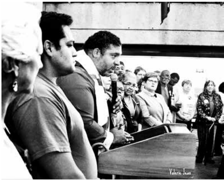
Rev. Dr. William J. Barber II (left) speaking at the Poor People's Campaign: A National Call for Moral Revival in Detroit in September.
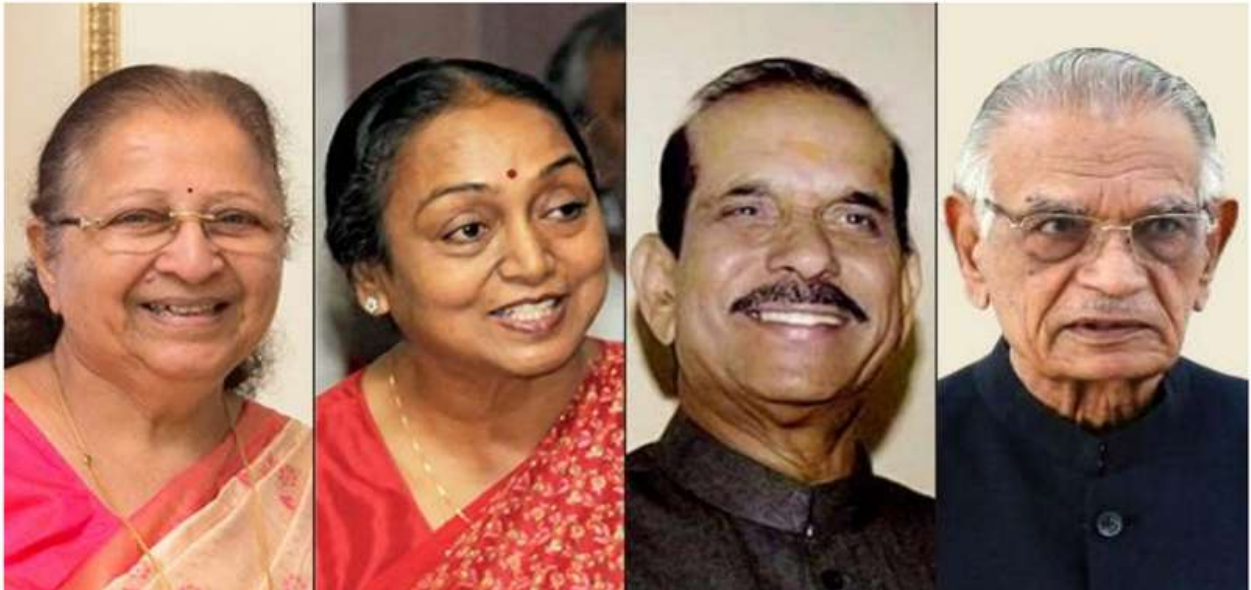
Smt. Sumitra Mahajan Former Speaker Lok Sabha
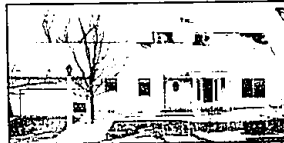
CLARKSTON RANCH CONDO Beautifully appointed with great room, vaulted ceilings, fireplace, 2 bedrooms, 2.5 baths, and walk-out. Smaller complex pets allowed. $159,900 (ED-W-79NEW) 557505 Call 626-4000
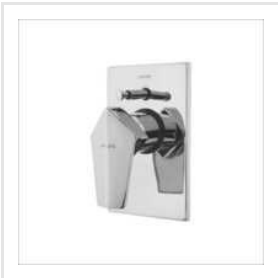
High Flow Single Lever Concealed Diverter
━━━━━━━━━━━━━━━━
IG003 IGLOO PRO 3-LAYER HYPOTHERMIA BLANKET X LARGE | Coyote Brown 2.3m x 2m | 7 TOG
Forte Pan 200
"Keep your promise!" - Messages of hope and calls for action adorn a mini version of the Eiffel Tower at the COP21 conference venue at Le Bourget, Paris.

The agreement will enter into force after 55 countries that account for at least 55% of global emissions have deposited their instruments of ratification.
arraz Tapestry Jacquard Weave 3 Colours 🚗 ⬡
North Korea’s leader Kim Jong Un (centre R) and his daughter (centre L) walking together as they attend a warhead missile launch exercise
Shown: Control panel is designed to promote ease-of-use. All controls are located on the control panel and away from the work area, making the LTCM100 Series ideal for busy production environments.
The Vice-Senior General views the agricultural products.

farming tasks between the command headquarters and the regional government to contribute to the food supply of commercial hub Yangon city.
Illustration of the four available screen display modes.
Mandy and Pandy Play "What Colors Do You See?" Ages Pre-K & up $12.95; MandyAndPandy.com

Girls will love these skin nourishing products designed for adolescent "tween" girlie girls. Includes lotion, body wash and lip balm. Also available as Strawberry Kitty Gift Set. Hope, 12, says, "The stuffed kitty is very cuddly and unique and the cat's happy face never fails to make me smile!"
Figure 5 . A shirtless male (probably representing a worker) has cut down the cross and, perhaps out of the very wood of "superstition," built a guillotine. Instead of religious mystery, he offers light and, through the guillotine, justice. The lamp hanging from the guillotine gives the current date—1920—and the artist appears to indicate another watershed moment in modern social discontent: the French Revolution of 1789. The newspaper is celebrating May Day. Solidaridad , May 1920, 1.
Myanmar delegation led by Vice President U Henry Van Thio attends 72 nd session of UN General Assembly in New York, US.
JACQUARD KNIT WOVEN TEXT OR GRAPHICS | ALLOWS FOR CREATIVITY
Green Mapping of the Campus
━━━━━━━━━━━━━━━━
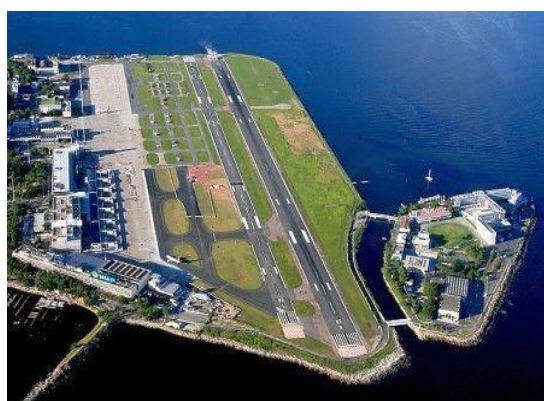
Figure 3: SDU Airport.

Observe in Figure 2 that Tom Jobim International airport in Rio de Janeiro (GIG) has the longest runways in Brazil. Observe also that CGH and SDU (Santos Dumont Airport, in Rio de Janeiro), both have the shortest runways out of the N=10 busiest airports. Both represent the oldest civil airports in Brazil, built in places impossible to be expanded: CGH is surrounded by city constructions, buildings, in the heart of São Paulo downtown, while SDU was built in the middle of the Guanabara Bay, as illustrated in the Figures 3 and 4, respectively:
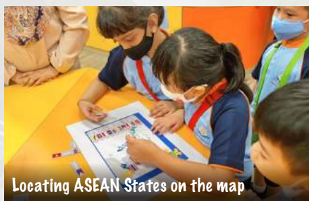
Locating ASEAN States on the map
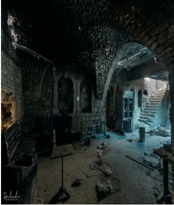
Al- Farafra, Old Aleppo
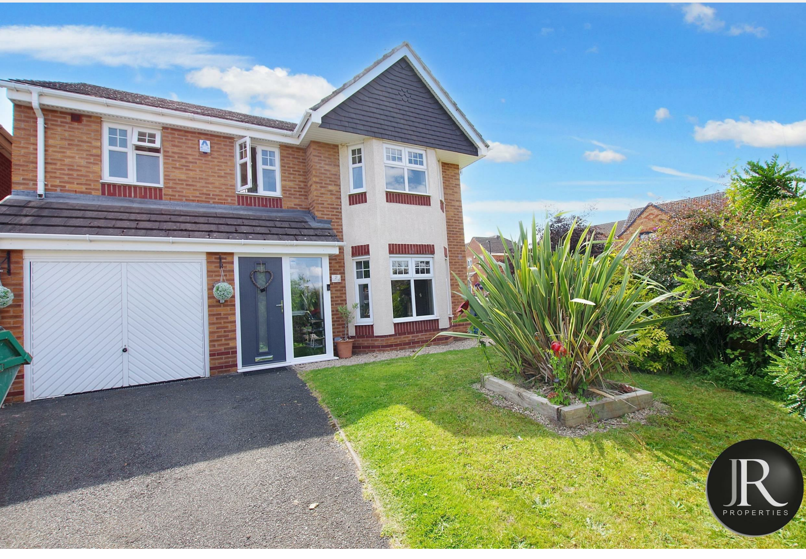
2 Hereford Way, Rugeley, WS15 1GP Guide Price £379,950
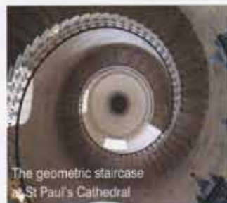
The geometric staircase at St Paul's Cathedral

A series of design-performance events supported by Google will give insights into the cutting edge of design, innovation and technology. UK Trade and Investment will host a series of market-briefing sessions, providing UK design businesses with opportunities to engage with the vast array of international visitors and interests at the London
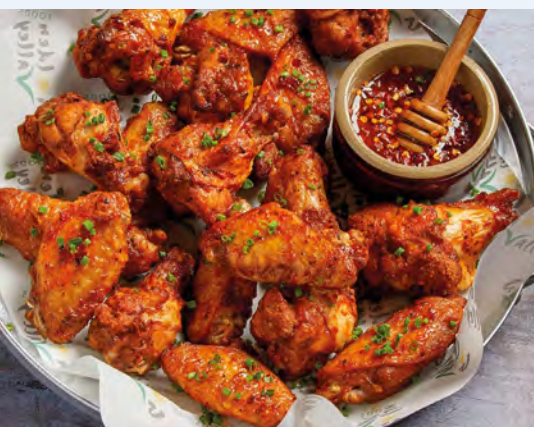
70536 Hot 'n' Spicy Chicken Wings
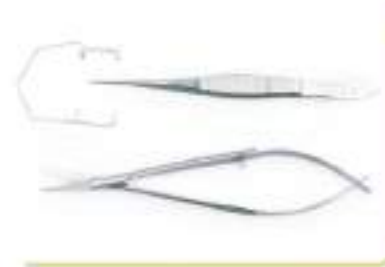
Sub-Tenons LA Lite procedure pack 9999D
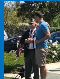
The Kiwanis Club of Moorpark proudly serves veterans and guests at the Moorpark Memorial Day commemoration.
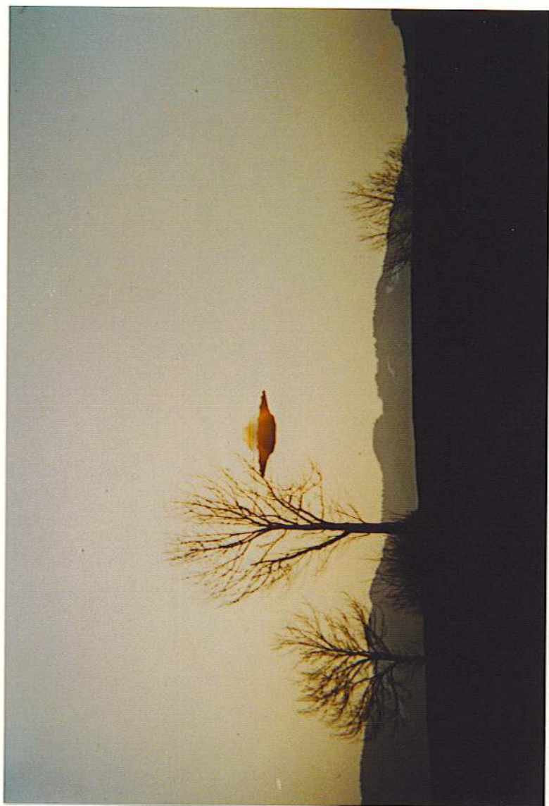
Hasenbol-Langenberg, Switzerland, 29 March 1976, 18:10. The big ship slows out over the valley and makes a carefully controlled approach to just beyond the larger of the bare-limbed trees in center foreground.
━━━━━━━━━━━━━━━━
**HOW TO COMPLETE THIS TASK**
Look above and copy only the lines from the one holding "Observe in Figure" to the one holding "2 Hereford Way, Rugeley, WS15", both included, exactly, minus the pictures.

**COMPLETED TASK**
Observe in Figure 2 that Tom Jobim International airport in Rio de Janeiro (GIG) has the longest runways in Brazil. Observe also that CGH and SDU (Santos Dumont Airport, in Rio de Janeiro), both have the shortest runways out of the N=10 busiest airports. Both represent the oldest civil airports in Brazil, built in places impossible to be expanded: CGH is surrounded by city constructions, buildings, in the heart of São Paulo downtown, while SDU was built in the middle of the Guanabara Bay, as illustrated in the Figures 3 and 4, respectively:
Locating ASEAN States on the map
Al- Farafra, Old Aleppo
2 Hereford Way, Rugeley, WS15 1GP Guide Price £379,950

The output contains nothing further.